Un sacerdote católico se dirige a Roma cuando se encuentra con un viejo amigo de la infancia.
“¡Dios mío, María!”, le dice. “¿Cómo has estado?”
“Oh, podría estar mejor”, dice ella. “Mi marido Robert y yo llevamos quince años intentando tener hijos, pero somos estériles”.
“Lo siento mucho”, dice el sacerdote. “Estoy de peregrinación en Roma, y prometo encender una vela por ti en la gran catedral”.
María le da las gracias y, tras charlar un poco más, se separan.
Cinco años más tarde, el sacerdote está cenando cuando llaman a su puerta. La abre y, para su sorpresa, es el marido de Mary, Robert.

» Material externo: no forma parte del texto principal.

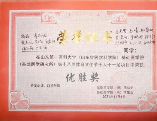 山东省三亿体育临床医学(卓越班)本科专业2019级1班团支部共有团员25人(班级共27人),其中党员6人,预备党员2人,入党积极分子16人。在校(院)团委及院(所)分团委的带领下,该团支部积极向优秀的团组织看齐,勤劳好学,团结友爱,踔厉奋发,勇于创新,追求卓越,在思想道德、学习成绩、科研提升、体育文化等各方面都取得了不凡的成绩。

“¡Me alegro tanto de haberte encontrado!”, exclama. “¿Recuerdas aquella vela que encendiste para Mary, hace años? Pues Mary y yo tenemos dos pares de gemelos y un par de trillizos, y acabo de enterarme de que está embarazada de cuatrillizos”.
Robert le entrega al cura un billete a Roma con todos los gastos pagados.
“¡Dios mío, Robert!”, dice el cura. “Tu alegría es mi alegría. No necesitabas darme un regalo de agradecimiento”.
“Oh no, no es un agradecimiento”, dice Robert,…
“Es para que puedas apagar esa maldita vela”.